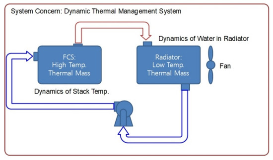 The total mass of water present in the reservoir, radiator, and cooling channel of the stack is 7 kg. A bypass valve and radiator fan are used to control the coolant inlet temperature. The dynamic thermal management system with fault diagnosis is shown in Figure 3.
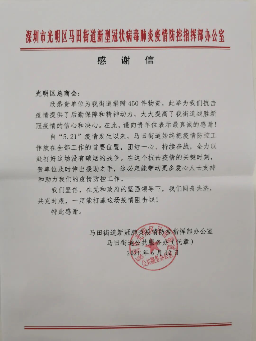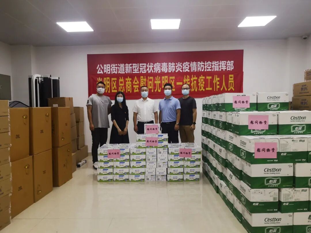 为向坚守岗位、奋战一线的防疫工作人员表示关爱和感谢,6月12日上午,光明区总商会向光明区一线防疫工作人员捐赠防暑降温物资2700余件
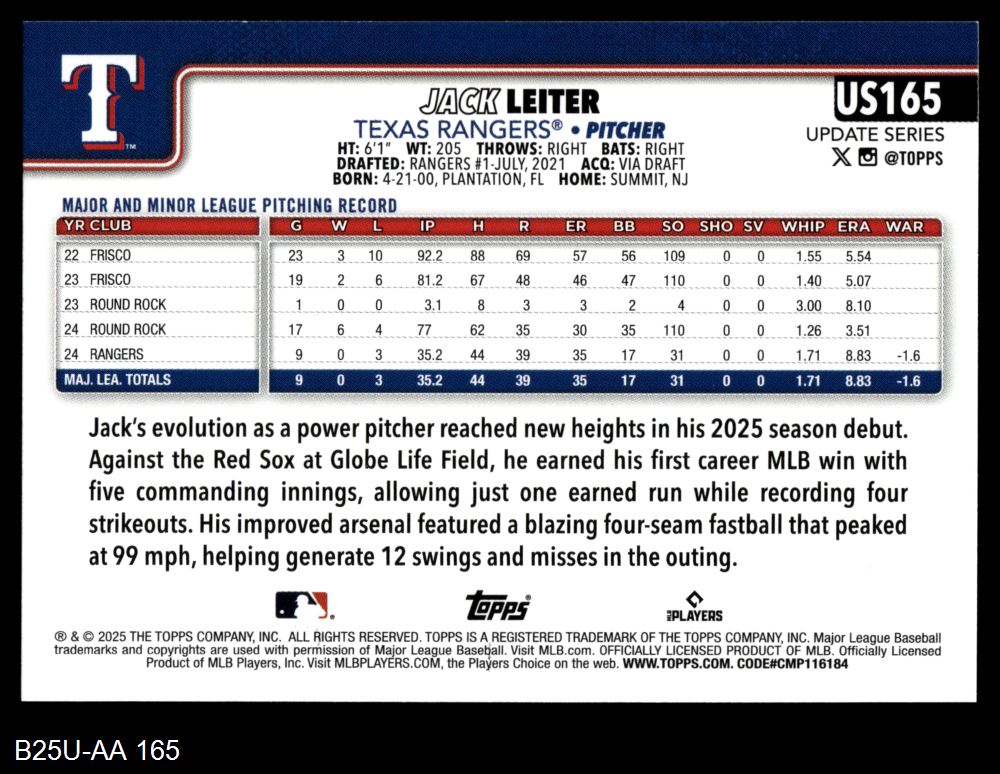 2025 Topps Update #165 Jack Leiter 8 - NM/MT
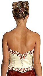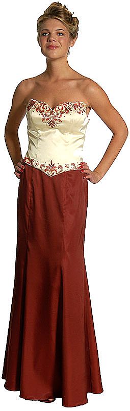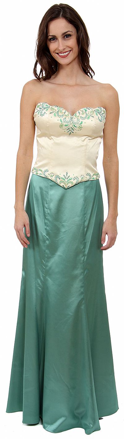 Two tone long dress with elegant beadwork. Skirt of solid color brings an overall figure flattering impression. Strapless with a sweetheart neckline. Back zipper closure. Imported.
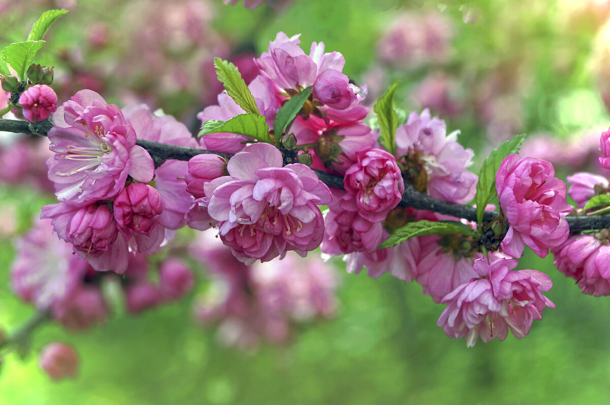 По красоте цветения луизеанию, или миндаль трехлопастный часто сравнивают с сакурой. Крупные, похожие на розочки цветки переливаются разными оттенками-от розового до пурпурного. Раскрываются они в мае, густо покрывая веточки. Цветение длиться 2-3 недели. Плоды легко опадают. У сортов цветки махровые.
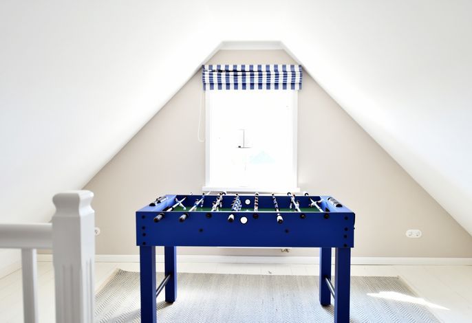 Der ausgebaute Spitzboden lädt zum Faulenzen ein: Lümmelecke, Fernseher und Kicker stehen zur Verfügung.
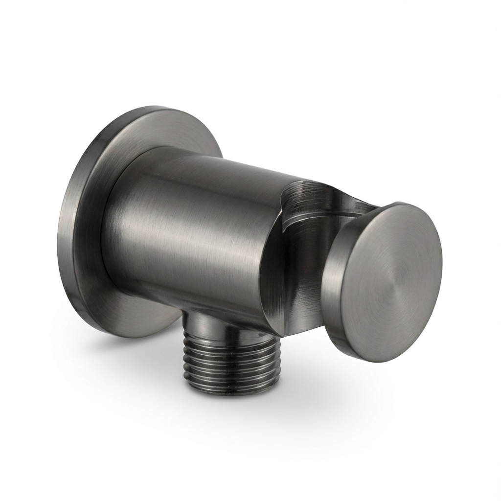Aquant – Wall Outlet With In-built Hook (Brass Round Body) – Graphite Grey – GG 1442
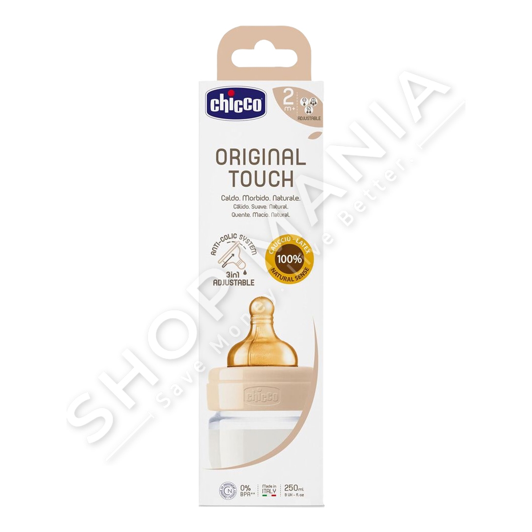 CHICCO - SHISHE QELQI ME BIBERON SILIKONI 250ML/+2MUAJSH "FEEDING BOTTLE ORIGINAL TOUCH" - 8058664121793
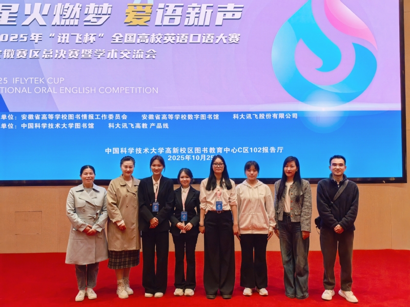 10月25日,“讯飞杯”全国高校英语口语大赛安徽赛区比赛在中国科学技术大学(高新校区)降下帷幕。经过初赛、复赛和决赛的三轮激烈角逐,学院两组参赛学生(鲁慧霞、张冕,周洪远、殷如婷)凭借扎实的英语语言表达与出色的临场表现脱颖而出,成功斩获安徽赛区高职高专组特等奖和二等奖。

PROBLEM ▸
Only the lines from the one holding "Aquant – Wall" through the last line of the records should be output, please, exactly and without any pictures.

TASK ANSWER ▸
Aquant – Wall Outlet With In-built Hook (Brass Round Body) – Graphite Grey – GG 1442
 CHICCO - SHISHE QELQI ME BIBERON SILIKONI 250ML/+2MUAJSH "FEEDING BOTTLE ORIGINAL TOUCH" - 8058664121793
 10月25日,“讯飞杯”全国高校英语口语大赛安徽赛区比赛在中国科学技术大学(高新校区)降下帷幕。经过初赛、复赛和决赛的三轮激烈角逐,学院两组参赛学生(鲁慧霞、张冕,周洪远、殷如婷)凭借扎实的英语语言表达与出色的临场表现脱颖而出,成功斩获安徽赛区高职高专组特等奖和二等奖。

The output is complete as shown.